The statement of Jesus, simple as it was, was at the same time so thoroughly at variance with the commonly accepted idea as to the way of getting to heaven that it almost took the Pharisee’s breath. His question reveals his utter inability to grasp the idea of the Lord to its full extent…such a change in the field of morality seemed to him impossible, verging on the ridiculous, preposterous. How can a person, especially one of advanced years, deny the habits and customs of years? If that is to be done, then every person must really begin his life all over again, just as he came into the world. The very suggestion is unthinkable from the standpoint of reason, just as the idea of conversion, of regeneration, is preposterous in the opinion of the average self-righteous person. And therefore Jesus explains, once more with solemn emphasis, that the rebirth out of water and Spirit is absolutely essential, it is a prime prerequisite, for the entering into the kingdom of heaven. Spiritual regeneration by Baptism, through which the Spirit of God is given, is unavoidably necessary. Baptism is the means by which the Holy Spirit works regeneration, the new birth. Conversion is therefore in no way the works of man, but it is the work of God the Holy Ghost. To be born again or anew is to be born out of the Spirit, to receive from Him a new heart, a new mind, a new will. To gain this object, God uses Baptism as one of His instruments. This Sacrament actually works and gives new life; the water is not merely a symbol, but an actual means, through the power of the Word, in working salvation. But one that has been converted in this way, and has thus become a partaker of the grace of God, thereby enters into the kingdom of heaven, into the invisible Church; for the kingdom of God and the kingdom of heaven are identical.

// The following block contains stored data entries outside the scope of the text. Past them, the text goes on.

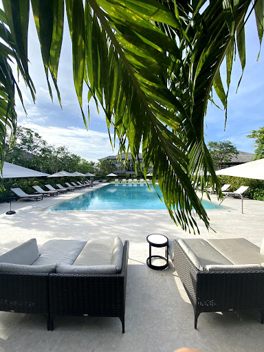 This is a beautiful hotel and property with only 30 rooms. It's in a beautiful part of the island, feels quite exclusive and upscale. The pool is huge and plenty of loungers. They also offered fitness sessions in a lovely studio. There is even a movie theatre! There are three restaurants onsite which are fabulous, two which are fancier for dinner, and one that is for breakfast, lunch and drinks. We ate at all and our dinner at Mogano was the best of the trip. Shima was also amazing. The daytime restaurant turns into a bar in the evening. The grounds are beautiful, everything was spotless and the staff were so lovely, polite and helpful. When there was a mishap with the shuttle we ordered to take us to the airport, they quickly jumped into action to arrange another one which came quickly so we weren't late for our flight. Another perk of this hotel is that while it isn't on the ocean, they have a partnership with a local beach club and you can use it. Just have to ask reception for the shuttle to take you over, it's about a 5 minute drive. The beach there was wonderful, amazing water and sand, no need to pay for towels, chairs or umbrellas, it's all included for hotel guests. You can also get drinks and food there.
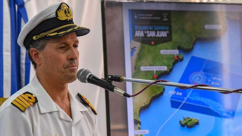 El vocero de la Armada, Enrique Balbi, habla con los medios después de las dos suspensiones consecutivas en el día de ayer. Se trató del primer día sin conferencia de prensa después de casi un mes de desaparición del submarino ARA San Juan.
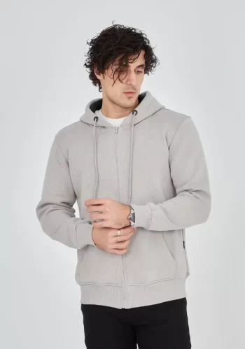 Unisex Günlük Stil Gri Tam Fermuarlı Cepli Kapüşonlu Sweatshirt
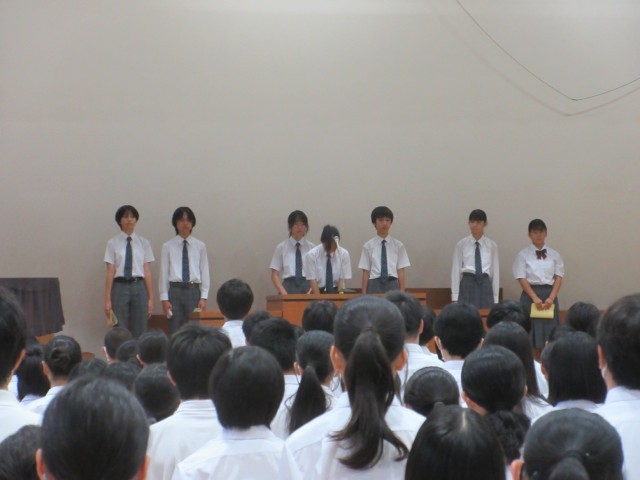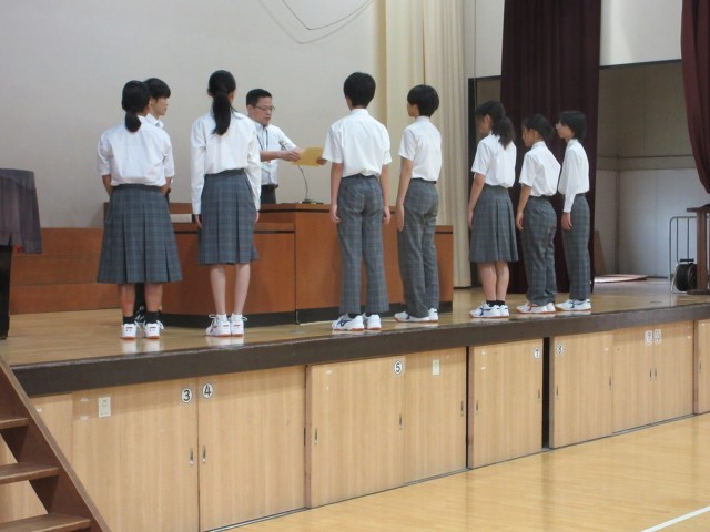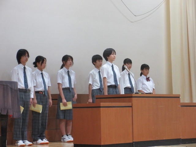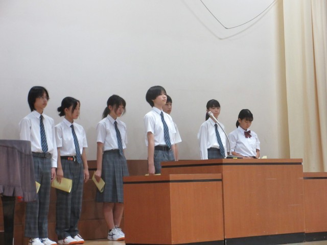 10月6日(月)の生徒会朝礼では、後期生徒会役員の任命式が行われました。校長先生から任命証を受け取ったあと、新役員が壇上で思いや意気込みを発表しました。

That His demand of an absolute regeneration is well founded is proved by the fact that all men, as they are born into the world, are flesh; theirs is a sinful, corrupted nature, alienated from God, hostile to God. The carnal-mindedness of natural man is enmity toward God. It is an irreconcilable contrast: all men carnally born, from carnal parents, by nature flesh and filled with the same sinful affections as the parents in their nature, and, on the other hand, that which comes into existence by the creative work of the Spirit in conversion, the new man, filled with divine life, with divine power from above, through the working of the Spirit. He that is born of the Spirit has the Spirit’s manner; his heart, mind, and will are directed to God and to that which pertains to God; such a one, and he only, is fit for the kingdom of God; he alone can receive the kingdom of God with its heavenly gifts and blessings. It should therefore not be a cause for wonder that a new birth is required for entrance into the spiritual kingdom. To natural man, indeed, it is a marvel, something that he can never fathom and understand, in just what way the Spirit of God works.

The Lord tries to make His meaning clear by an example…there is the wind: it blows where it chooses; it come, it goes…but the beginning and end, the why and wherefore of the laws of nature are unknown, just as it is impossible for mere man to understand creative power. The blowing of the wind is done in absolute independence of any man’s will; no one can govern and fix its direction. And just so it is with the working of the Spirit of God: the process of regeneration cannot be ascertained by the application of the senses; that is a mystery of God. Only the results are apparent, and they are often of a nature to make us marvel. The regenerated person shows an entirely different manner than before his conversion. What he shunned before he now seeks; and what he sought and loved before he now hates. He is a new, a different person, all by the power of the Spirit. As the wind is free, not bound to any place, person, or time, so also the Holy Ghost. Just as the wind moves, drives, comforts, and penetrates everything, so it is also with the working of the Holy Ghost. The Holy Ghost does His work how and when He wishes to; He does His work in His own peculiar way.